As it stands, I find it rather underwhelming that one shows a certain graph is not bipartite by observing it has a triangle, the end.

Nice problem but it stands a bit weird in the number theory category (it would stand weird in C as well. I guess they said "oh it has perfect squares so it must be N"). Slightly underwhelming how easy it is to get the "construction" but anyways here's a solution pretty similar to #1.

A bit silly, but not awful. Also this is definitely algebra. Consider a triple of numbers of the form $(a,b,c)=(2m^2-4m,2m^2+1,2m^2+4m)$ for a positive integer $m$—observe that $a+b,b+c,c+a$ are squares, and $a,b,c$ are always pairwise disjoint.
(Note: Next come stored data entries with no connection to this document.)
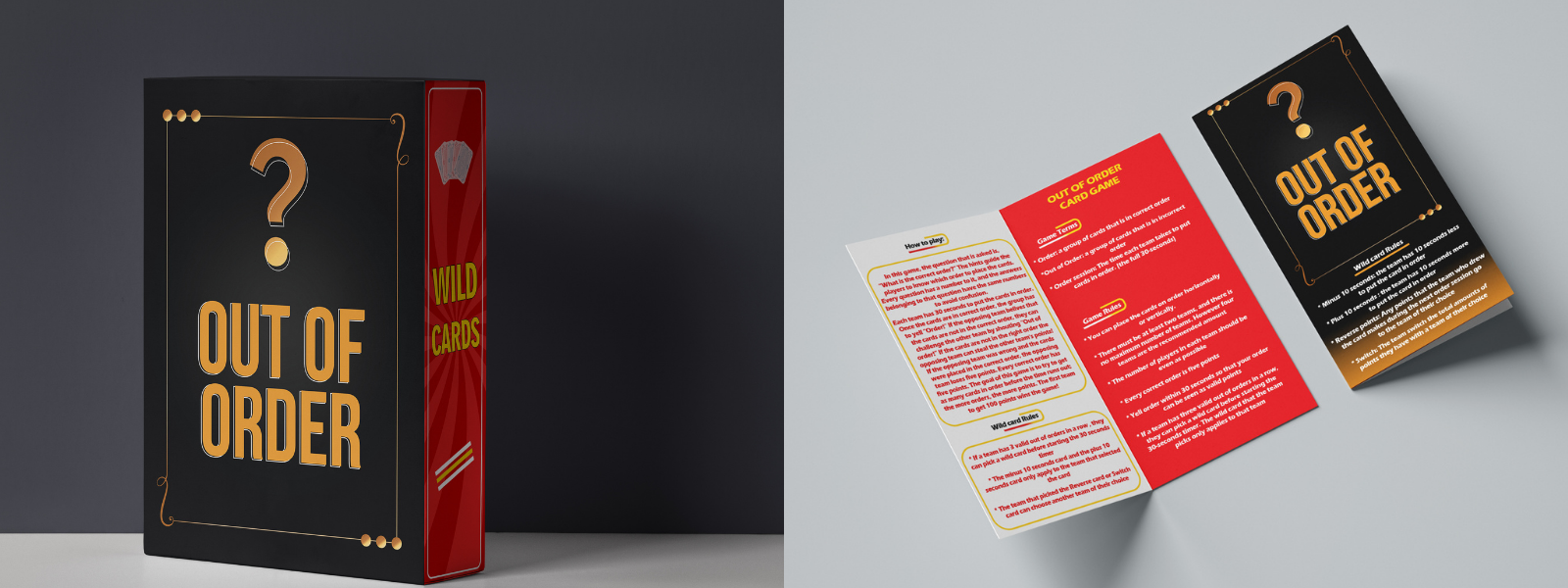 In this game, the question that is asked is, “What is the correct order?” The hints guide the players to know which order to place the cards. Every question has a number to it, and the answers belonging to that question have the same number to avoid confusion. Each team has 30 seconds to put the cards in order. Once the cards are in the correct order, the group has to yell “Order!” If the opposing team believes that the cards are not in the correct order, they can challenge the other team by shouting “Out of Order!” If the cards are not in the right order, the opposing team can steal the other team’s points! If the opposing team was wrong and the cards were placed in the correct order, the opposing team loses five points. Every correct order is five points. The goal of this game is to try to get as many cards in order before the time runs out; the more orders, the more points. The first team to get to 100 points wins the game!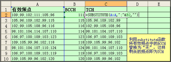 应用举例: 有些情况下在制作工参时,提取的频点信息中包含BCCH频点,因此制作TCH频点时需要将BCCH频点替换掉,例如在C2中输入“=SUBSTITUTE(A:A,";"&B2,"")”,即可把BCCH频点替换掉,如下图所示: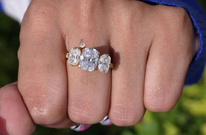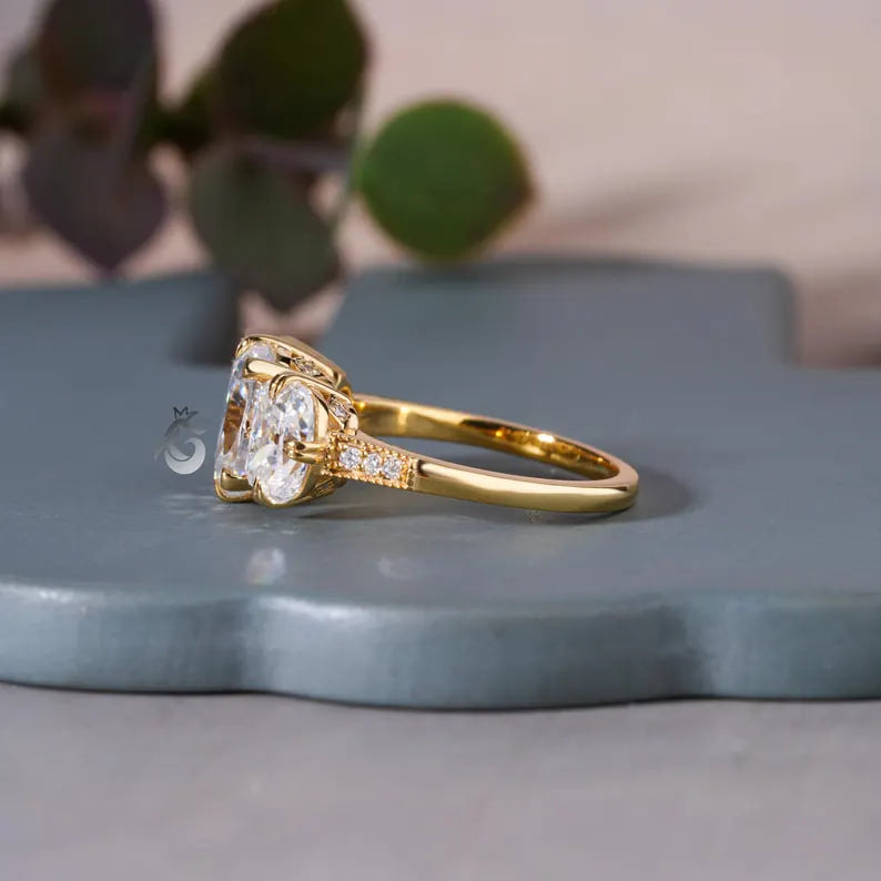 This 2.75-carat old mine cushion-cut moissanite engagement ring showcases a dazzling center stone, beautifully complemented by two side stones, creating a three-stone design symbolizing past, present, and future. Crafted in luxurious 18K yellow gold, the ring features a timeless elegance that pairs classic beauty with a modern touch. Its brilliant moissanite stones offer a stunning sparkle, making it a radiant choice for an engagement, wedding, or anniversary. Ideal for symbolizing a promise or celebrating a cherished moment, this ring is a perfect anniversary or engagement gift for someone special.

I claim that we can always find such a triple within $\{n,n+1,\ldots,2n\}$ for $n \geq 100$. This is equivalent to saying that there exists an integer $m$ with $$n\leq 2m^2-4m\text{ and } 2n \geq 2m^2+4m \implies m^2+2m \leq n \leq 2m^2-4m.$$For $n \in [100,121)$, we can manually verify that $m=9$ works. Henceforth suppose $n \geq 121$. I claim that choosing $\lfloor \sqrt{n}\rfloor -1$ works in this case. Observe that $$m^2+2m=m(m+2)=\lfloor \sqrt{n}\rfloor^2-1\leq n$$by difference of squares, and (using the inequality $\lfloor x\rfloor\geq x-1$): $$2m^2-4m=2m(m-2)=2(\lfloor \sqrt{n}\rfloor -1)(\lfloor \sqrt{n}\rfloor -3)\geq 2(\sqrt{n} -2)(\sqrt{n}-4)=2n-12\sqrt{n}+16.$$Since we want to show $2m^2-4m\geq n$, it suffices to prove that $$2n-12\sqrt{n}+16\geq n \implies n-12\sqrt{n}+16\geq 0.$$Viewing this inequality as a quadratic inequality in $\sqrt{n}$ and using the quadratic formula yields $$\sqrt{n}\geq 6+2\sqrt{5}.$$We can verify that $6+2\sqrt{5}<11$ by subtracting $6$ from both sides and squaring, so $\sqrt{n}\geq 6+2\sqrt{5}$ indeed holds when $n\geq 121$, proving the claim. Therefore, for $n \geq 100$, there always exists $m$ with $2m^2-4m,2m^2+1,2m^2+4m \in \{n,n+1,\ldots,2n\}$. To finish, observe that by Pigeonhole at least two of these must be in the same pile, so we're done. $\blacksquare$

popcorn1 wrote: Let $n \geqslant 100$ be an integer. Ivan writes the numbers $n, n+1, \ldots, 2 n$ each on different cards. He then shuffles these $n+1$ cards, and divides them into two piles. Prove that at least one of the piles contains two cards such that the sum of their numbers is a perfect square. This is a very good problem. But how in the world is NT. Considering this as NT it is a very bad choice even though it is a great problem. I'm sure also the proposer would agree to this that this isn't NT.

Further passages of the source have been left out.